→ **TASK TO COMPLETE**:
Beginning with the line containing "Bracelet en perles roses et plaqué or." and ending at the last line of the data, set down every line exactly, leaving out all pictures.

→ **SUPPLIED DATA**:
------------------------------------------------
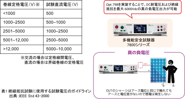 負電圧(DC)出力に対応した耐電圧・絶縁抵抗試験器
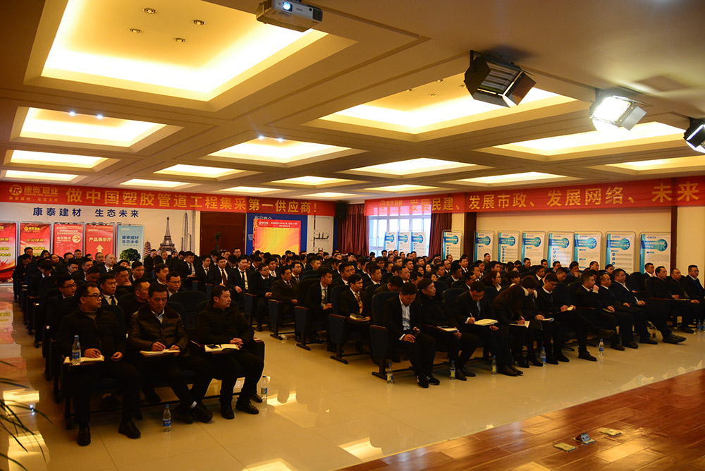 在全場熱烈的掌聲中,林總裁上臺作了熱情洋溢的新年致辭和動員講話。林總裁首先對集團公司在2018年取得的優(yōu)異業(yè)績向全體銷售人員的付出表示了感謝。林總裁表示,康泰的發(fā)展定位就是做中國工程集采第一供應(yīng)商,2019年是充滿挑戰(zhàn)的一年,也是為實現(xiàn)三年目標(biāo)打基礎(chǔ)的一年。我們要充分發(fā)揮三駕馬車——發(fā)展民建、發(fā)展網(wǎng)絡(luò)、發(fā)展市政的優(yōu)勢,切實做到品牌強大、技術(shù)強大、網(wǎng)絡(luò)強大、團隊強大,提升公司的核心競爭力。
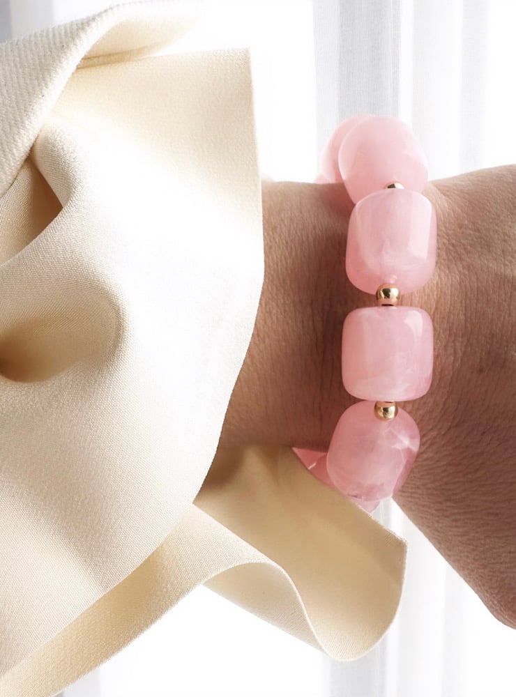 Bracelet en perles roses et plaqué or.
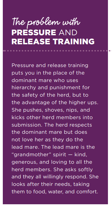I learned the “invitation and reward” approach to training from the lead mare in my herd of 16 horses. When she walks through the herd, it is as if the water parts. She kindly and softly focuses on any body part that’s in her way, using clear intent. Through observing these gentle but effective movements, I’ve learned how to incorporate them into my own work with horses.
------------------------------------------------
→ **ANSWER TO THIS PROBLEM**:
 Bracelet en perles roses et plaqué or.
I learned the “invitation and reward” approach to training from the lead mare in my herd of 16 horses. When she walks through the herd, it is as if the water parts. She kindly and softly focuses on any body part that’s in her way, using clear intent. Through observing these gentle but effective movements, I’ve learned how to incorporate them into my own work with horses.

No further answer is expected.